Caches in Commercial Processors 68040 Caches –2 caches (each 4K bytes) (1 instruction, 1 data) –Uses set associative organization (64 sets, each 4 blocks) –Each block has 4 long words, each long word 4 bytes.
Caches in Commercial Processors Pentium III (high performance processor) –Requires fast access to instructions and data –2 cache levels Level 1 – –16KB instruction »2-way set-associative organization (instructions not normally modified during execution) –16KB data »4-way set associative organization »Can use either writeback or write through policy Level 2 –Much larger
Level 2 Cache of Pentium III Can be implemented external to processor –Katmai 512KB Implemented using SRAM memory 4-way set-associative organization Uses either write-back or write through protocol, programmable on a per-block basis. Cache bus is 64-bits wide
Level 2 Cache of Pentium III Can be integrated with processor –Coppermine 256KB 8-way set-associative organization Cache bus is 256-bits wide
Which method is better? External cache –allows larger cache –Larger data path width not available because of pins needed and increased power consumption of output drivers –Has slower clock speeds (Katmai driven at half processor speed; coppermine driven at full processor speed) Internal cache –Reduces latency, increases bandwidth because of wider path –Processor chip becomes much larger, making it much more difficult to fabricate.
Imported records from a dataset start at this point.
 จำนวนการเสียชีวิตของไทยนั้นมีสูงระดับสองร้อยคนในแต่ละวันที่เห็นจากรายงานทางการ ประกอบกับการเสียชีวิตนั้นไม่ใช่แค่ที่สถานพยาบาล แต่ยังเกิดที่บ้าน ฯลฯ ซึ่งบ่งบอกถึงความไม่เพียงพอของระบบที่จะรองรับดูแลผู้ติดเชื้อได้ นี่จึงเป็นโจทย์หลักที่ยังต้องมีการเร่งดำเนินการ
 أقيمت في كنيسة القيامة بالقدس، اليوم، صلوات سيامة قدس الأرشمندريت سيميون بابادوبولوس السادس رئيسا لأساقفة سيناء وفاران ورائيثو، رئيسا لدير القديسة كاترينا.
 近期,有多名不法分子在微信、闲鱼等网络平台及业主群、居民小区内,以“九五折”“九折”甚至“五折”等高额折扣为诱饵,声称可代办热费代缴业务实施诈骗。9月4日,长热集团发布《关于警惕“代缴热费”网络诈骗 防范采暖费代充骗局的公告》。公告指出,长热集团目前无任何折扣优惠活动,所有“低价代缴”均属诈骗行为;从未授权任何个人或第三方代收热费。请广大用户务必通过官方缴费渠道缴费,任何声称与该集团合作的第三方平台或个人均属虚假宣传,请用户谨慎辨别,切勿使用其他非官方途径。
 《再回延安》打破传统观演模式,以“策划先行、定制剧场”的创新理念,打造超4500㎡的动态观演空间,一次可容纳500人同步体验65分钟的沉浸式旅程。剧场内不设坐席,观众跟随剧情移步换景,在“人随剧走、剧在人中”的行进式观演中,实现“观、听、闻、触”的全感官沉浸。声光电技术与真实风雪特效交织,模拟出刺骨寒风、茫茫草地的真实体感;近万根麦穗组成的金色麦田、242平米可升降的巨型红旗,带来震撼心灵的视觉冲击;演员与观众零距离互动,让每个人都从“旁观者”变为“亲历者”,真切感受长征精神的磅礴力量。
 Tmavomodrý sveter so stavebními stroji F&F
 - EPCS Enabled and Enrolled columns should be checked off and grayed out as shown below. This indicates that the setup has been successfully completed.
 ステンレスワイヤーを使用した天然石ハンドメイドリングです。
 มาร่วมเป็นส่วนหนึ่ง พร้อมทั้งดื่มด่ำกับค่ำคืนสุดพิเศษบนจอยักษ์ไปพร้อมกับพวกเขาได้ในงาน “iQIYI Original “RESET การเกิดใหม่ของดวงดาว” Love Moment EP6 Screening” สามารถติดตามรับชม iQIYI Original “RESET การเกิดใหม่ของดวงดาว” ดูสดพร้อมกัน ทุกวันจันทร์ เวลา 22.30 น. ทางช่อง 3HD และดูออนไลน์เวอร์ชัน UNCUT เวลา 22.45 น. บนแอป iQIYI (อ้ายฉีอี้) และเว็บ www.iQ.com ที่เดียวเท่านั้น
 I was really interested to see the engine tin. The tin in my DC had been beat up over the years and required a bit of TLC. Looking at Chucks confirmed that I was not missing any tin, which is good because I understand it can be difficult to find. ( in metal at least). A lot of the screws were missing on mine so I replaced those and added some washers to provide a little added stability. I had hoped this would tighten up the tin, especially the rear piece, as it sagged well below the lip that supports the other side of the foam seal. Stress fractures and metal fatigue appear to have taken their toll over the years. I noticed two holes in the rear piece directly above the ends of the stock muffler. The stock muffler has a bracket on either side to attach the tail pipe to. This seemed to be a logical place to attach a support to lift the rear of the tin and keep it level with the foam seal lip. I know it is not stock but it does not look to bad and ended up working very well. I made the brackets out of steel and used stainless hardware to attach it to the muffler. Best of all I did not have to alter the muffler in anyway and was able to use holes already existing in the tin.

Pentium 4 Caches Can have up to 3 levels of cache L1 –Data cache (8 Kbytes) –4-way set-associative organization –Cache block 64K bytes –Write through policy is used on writes –Integer data can be accessed from data cache in 2 clock cycles (less than 2 ns) –Instruction cache does not hold normal instructions (rather already decoded versions of instructions).
L2 of Pentium 4 Unified cache of 256K bytes 8-way set-associative Write-back policy Access latency is 7 clock cycles Implemented on processor chip. L3 cache also available for on-chip but not for desktops, intended for servers.